見学会では展示会の開始前にDアカデミーの依田健一代表がドローンの近況を概観した。その中でドローンの飛行について局面がマルチコプターの腕前が勝負所だった時代から、広域に飛べる固定翼の存在感が高まっている時代に変化していることについて言及した。
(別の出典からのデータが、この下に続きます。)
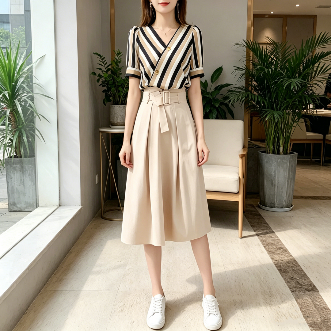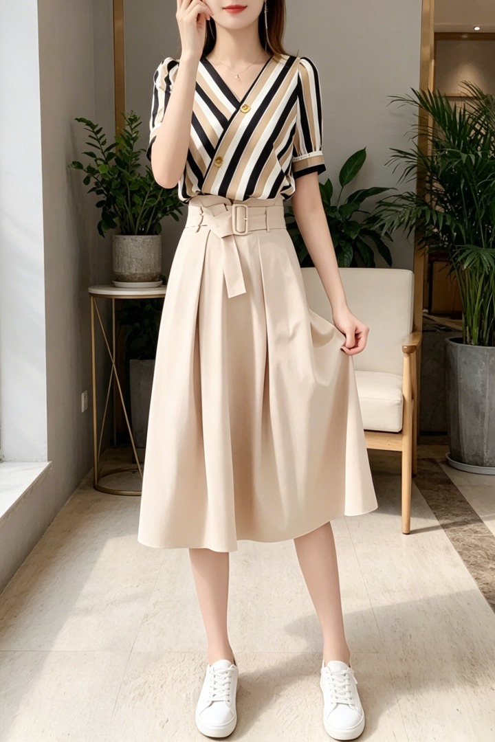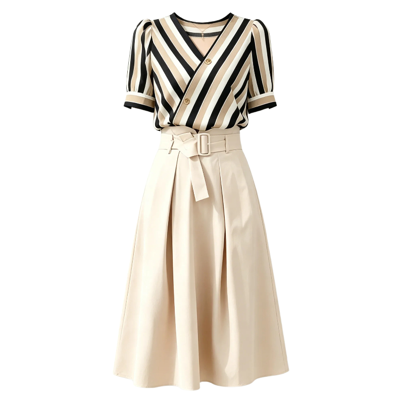 BY15499# 夏季新款条纹两件套女时尚气质套装裙显瘦休闲高腰系带裙子女 服裝批發女裝批發服飾貨源
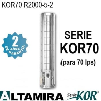 La bomba sumergible Altamira 200 HP KOR70 R2000-5-2, forma parte de la prestigiada serie KOR de bombas para pozo profundo, con un gasto nominal de 70 litros por segundo de la reconocida marca Altamira.
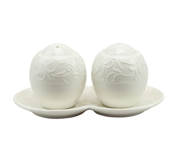 Bomboniera Matrimonio Harmony sale e pepe con vassoio in porcellana decalco floreale
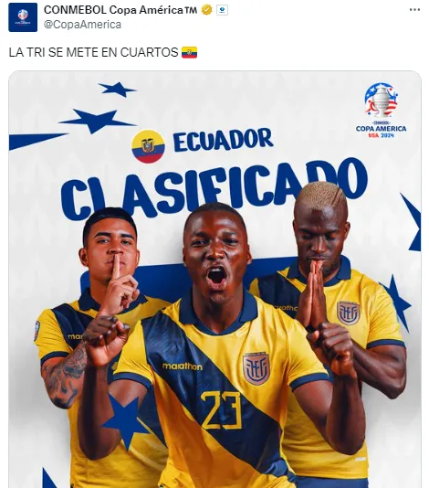 Así anunció CONMEBOL el pase de Ecuador a cuartos de final de la Copa América
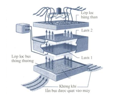 Sơ đồ của máy lọc bụi được trình bày bên hình dưới đây. Không khí có nhiều bụi, được hút vào máy qua lớp lọc bụi thông thường. Tại đây, các hạt bụi có kích thước lớn bị gạt lại. Dòng không khí có lẫn các hạt bụi có kích thước nhỏ vẫn bay lên. Hai lưới 1 và 2 thực chất là 2 điện cực: lưới 1 là điện cực dương, lưới 2 là điện cực âm. Khi bay qua lưới 1, các hạt bụi nhiễm điện dương. Do đó khi gặp lưới 2 nhiễm điện âm, các hạt bụi bị hút vào lưới. Vì vậy qua lưới 2 không khí đã được lọc sạch bụi. Sau đó có thể cho không khí đi qua lớp lọc bằng thanh để khử mùi. Bằng cách này có thể lọc đến 95% bụi trong không khí
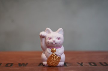 【白晶億両】日本清水燒招財貓 | 花結晶 白 億万両 左 特小
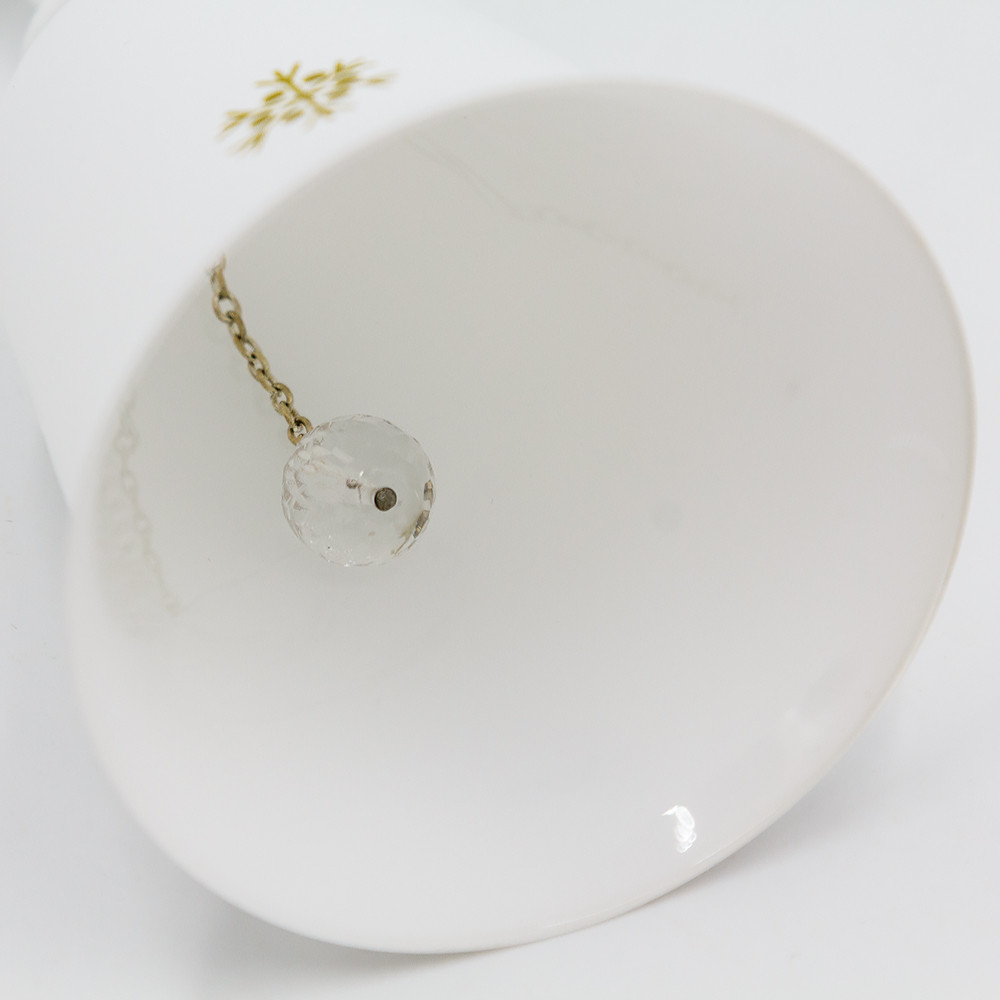 Новогодний колокольчик создаёт тёплое, уютное настроение зимних праздников. Стекло, покрытое белоснежной краской, напоминает о мирных зимних пейзажах, а позолоченный декор добавляет нотку элегантности и эксклюзивности. |

この中で依田氏は「今後、広域測量や物流などの存在感が高まると思います。いわゆるドローンのフェーズがかわってきます。私は小学生のころからラジコンを飛ばしてきたラジコンおじさんですが、こうしたテクニカルの腕前がもてはやされる時代から、これからは自動航行の時代に入ります。特に森林管理事業などにも関係する広域測量でドローンを使う場合は、ほぼ目視外飛行。パイロットにも、技量で飛ばすテクニカルの要素から、安全なプラン設計、飛行判断、緊急時対応への目配りなどCRM(ここではCrew Resource Managementのこと)を含むノンテクニカルの要素へと、求められる要素が変わってまいります。通信途絶時の対応やバッテリー切れのさいの対応など、予めチーム全体で対応や方針を決めて共有することを促し管理する役割が求められることになります。ドローン物流もいよいよ実装段階です。飛行許可の取り方や、CRMを身に付けなければいけません。われわれもその講習を今後、展開していく方針です」と自社の取り組みをまじえながら、局面の変化を伝えた。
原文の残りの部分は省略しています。